'Grow or Go' Switch
Researchers discover brain tumor mechanism
Researchers at The Ohio State University Comprehensive Cancer Center – James Cancer Hospital and Solove Research Institute (OSUCCC – James) have discovered a mechanism that regulates the behavior of glioblastoma multiforme cells.
Cancer cells in rapidly growing brain tumors must adapt to periods of energy fluctuation. When glucose levels are high, tumor cells grow and proliferate; when levels are low, the cells grow less and migrate more.
Researchers discovered that the microRNA miR-451 coordinates this “grow-or-go” behavior.

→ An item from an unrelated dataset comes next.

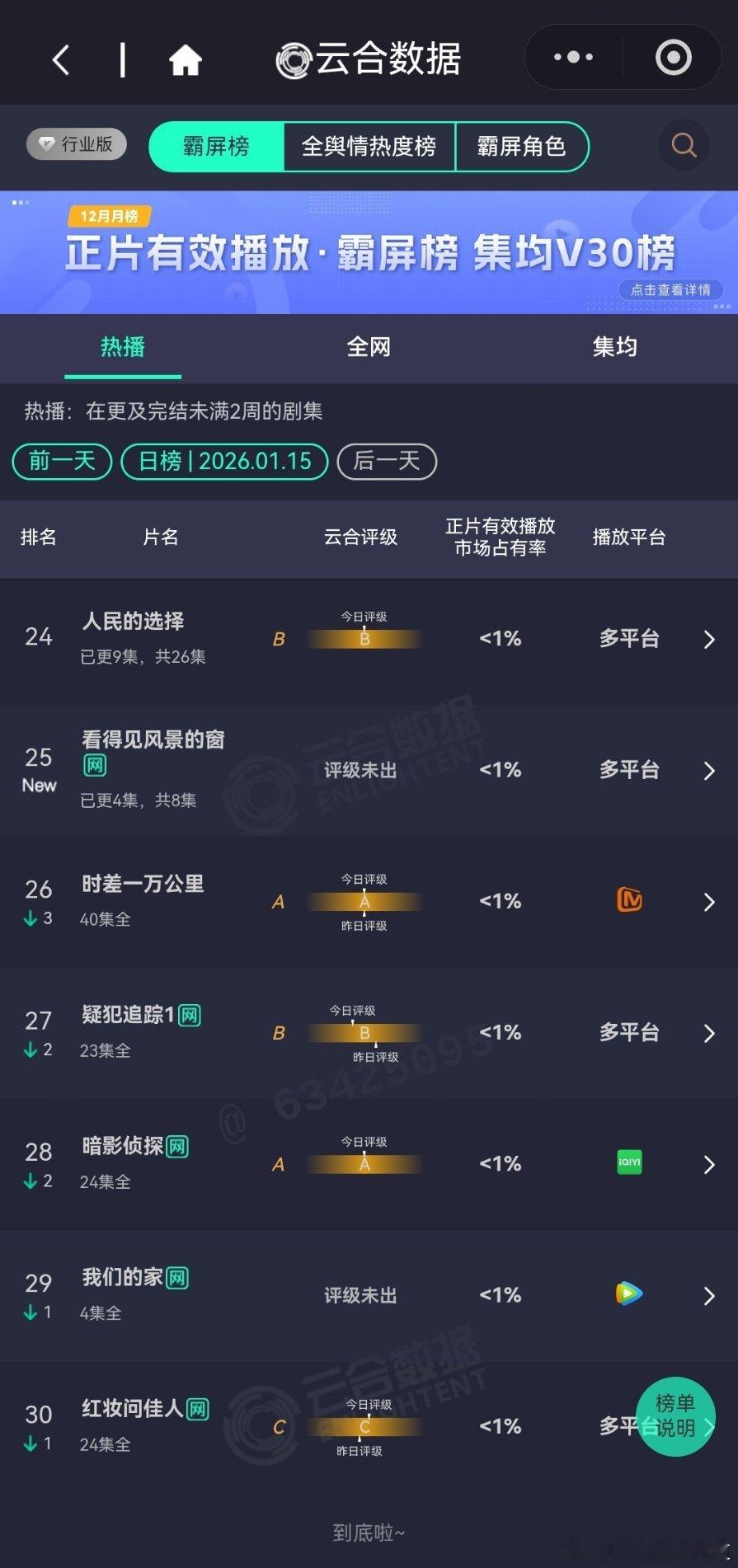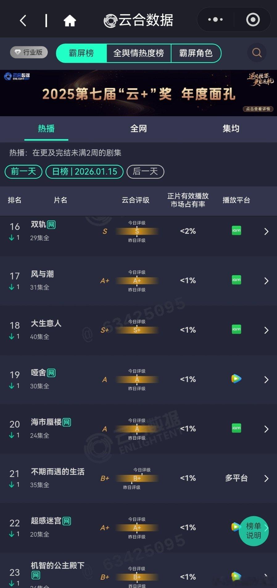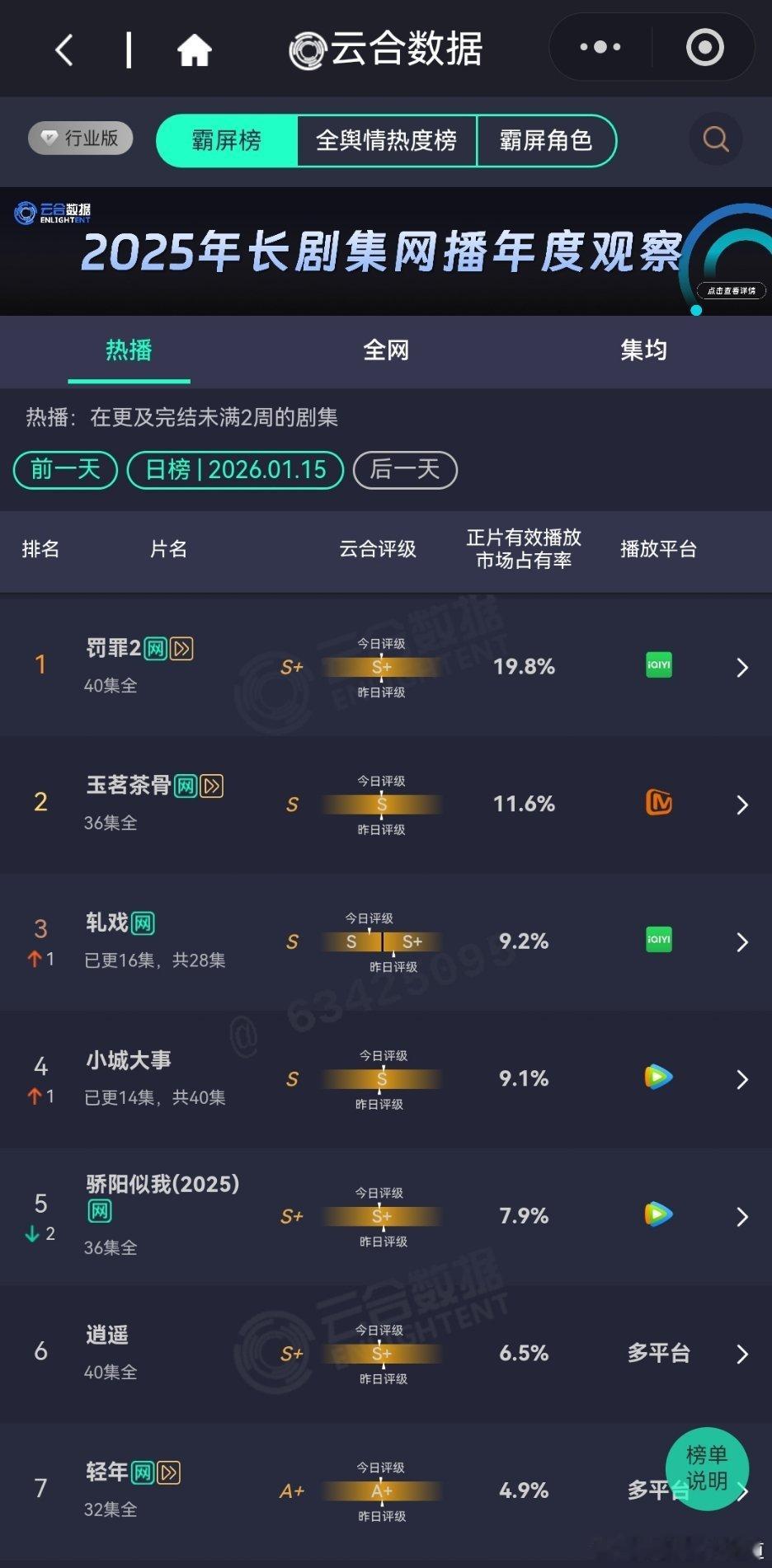 1月15日云合播放占比云合 罚罪2 19.8%大家应该都没想到它能霸榜这么久玉茗茶骨11.6%看这情况,保住S就不错了,难怪于正要发疯。轧戏9.2%S+只保持了一天?小城大事9.1%扑开扑走御赐小仵作2 2%平开,看看明天后天翻倍情况再说。

“We found that glioblastoma cells use miR451 to sense glucose availability,” says co-author E. Antonio Chiocca, MD, PhD, professor and chair of Neurological Surgery, and co-leader of the OSUCCC – James Viral Oncology Program. “Levels of miR451 directly shut down the engine of the tumor cell if there is no glucose, or rev it up if glucose is plentiful. This suggests that this molecule might be a useful biomarker to predict a glioblastoma patient’s prognosis. It also might be used as a target to develop drugs to fight these tumors.”
“The change in miR-451 expression enabled the cells to survive periods of stress caused by low glucose, and it caused them to move, perhaps enabling them to find a better glucose supply,” says principal investigator Sean Lawler, PhD, assistant professor of Neurological Surgery. “The migration of cancer cells from the primary tumor, either as single cells or chains of cells, into the surrounding brain is a problem with these tumors. By targeting miR-451, we might limit the tumor’s spread and extend a patient’s life.”
Published in the journal Molecular Cell.
Kaplan-Meier plot showing that high miR-451 expression is associated with poorer survival in patients with glioblastoma multiforme. The plot was generated using data obtained from The Cancer Genome Atlas. (p = 0.036) Reprinted from Molecular Cell, 37:620, Godlewski J., Nowicki M.O., Bronisz A., et al. MicroRNA-451 Regulates LKB1/AMPK Signaling and Allows Adaptation to Metabolic Stress in Glioma Cells.